To complement Steffen Ullrich's answer, note that:
- Historically, it was indeed possible to spoof anything you wanted, no one checked, everybody trusted everybody.
- However, with the rise of spam, phishing and other scams, SPF, DKIM and DMARC were introduced. Those allow a server to check if the sender does have the right to send mail with a sender in a given domain.
- To work, those require both the sender and the receiver to implement those methods.
- Most large e-mail providers will definitely implement at least one of the 3 methods on their side (as a receiver), and many organisations at risk of having people trying to impersonate them will implement at least one of the 3 methods on their side as well (as a sender).

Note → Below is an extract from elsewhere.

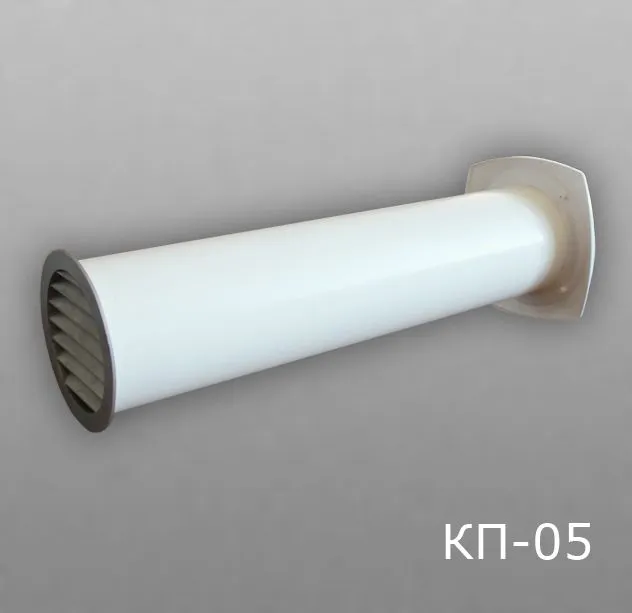 Клапан приточный состоит из пластикового воздуховода длиной от 0,5 до 1м, который монтируется в наружную стену здания. С уличной стороны он закрывается уличным воздухораспределителем.

- However, there are still both e-mail systems not checking either and domains without the appropriate setup.
So if you find a domain without SPF, DKIM or DMARC, you could send e-mail on behalf of that domain and not be rejected outright. Many e-mail providers will "trust" such e-mails less than others, and it has a larger chance of being handled as spam.
Likewise, you could send e-mail even "from" a domain protected with SPF, DKIM or DMARC to an e-mail system that doesn't check it.
But most definitely, if you want to send as Apple or Amazon to mailboxes managed by Google or Microsoft, that won't work. And that's the reason they use other domain names for this.